In 2011, the Tate put 8 million of the original seeds on display in response to Weiwei’s detainment by the Chinese government and subsequent disappearance¹. The display, which represents about 1/10 of the original installation, sits in a large pile in an exhibition room on the third floor. While significantly smaller than the original, the intent and deeper meaning of Weiwei’s work has not been lost.

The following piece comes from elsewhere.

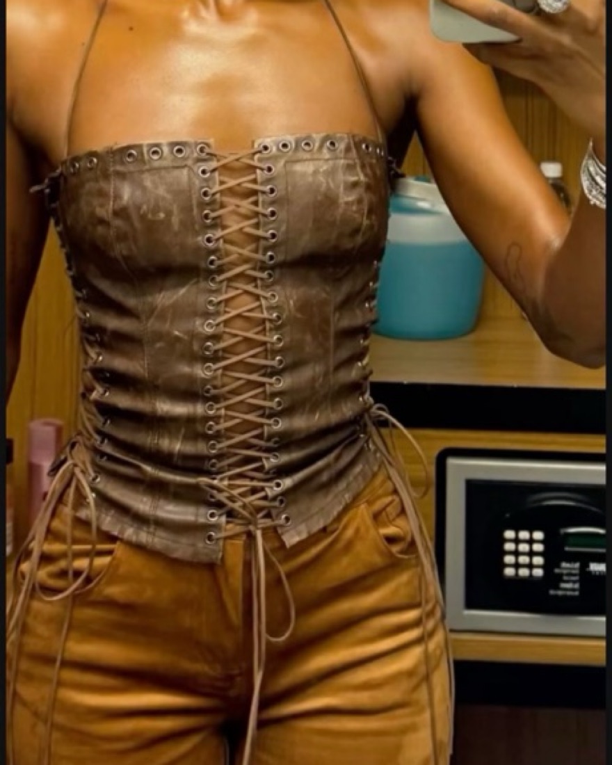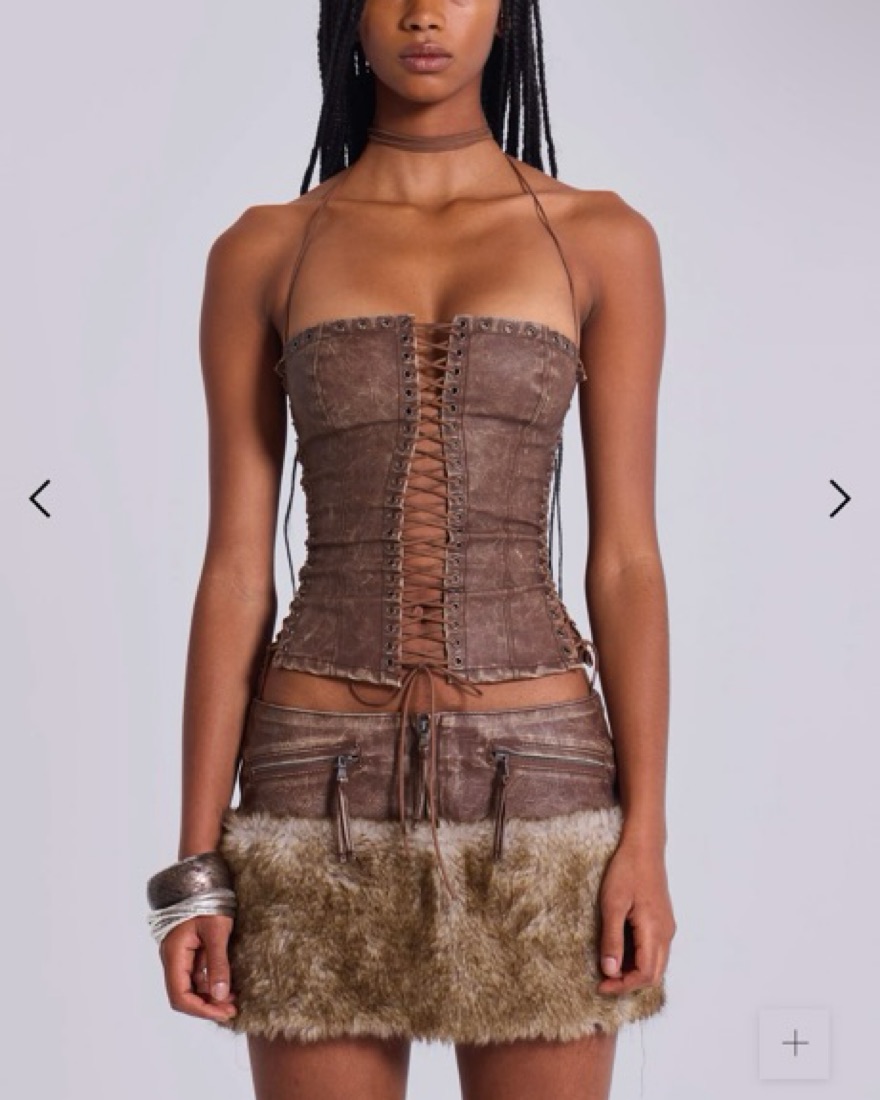 Odile Brown Faux Leather Lace Up Corset by Jaded London - Pickle

While open to interpretation on many levels, the intent of Sunflower Seeds reaches into a dark chapter of Chinese history and the human spirit. During the Cultural Revolution, (a particularly brutal era in history where people lost basic human rights and were stripped of cultural traditions), Mao Zedong launched a massive propaganda campaign where in some instances he depicted himself as the sun and the people as sunflowers who turn their heads to follow him. However, the artist sees sunflower seeds as a traditional food shared among friends in China and is therefore a symbol of friendship and compassion. This duality of symbolism creates an interesting insight into the human spirit. Even in times of strife and struggle, kindness and goodwill continue to survive.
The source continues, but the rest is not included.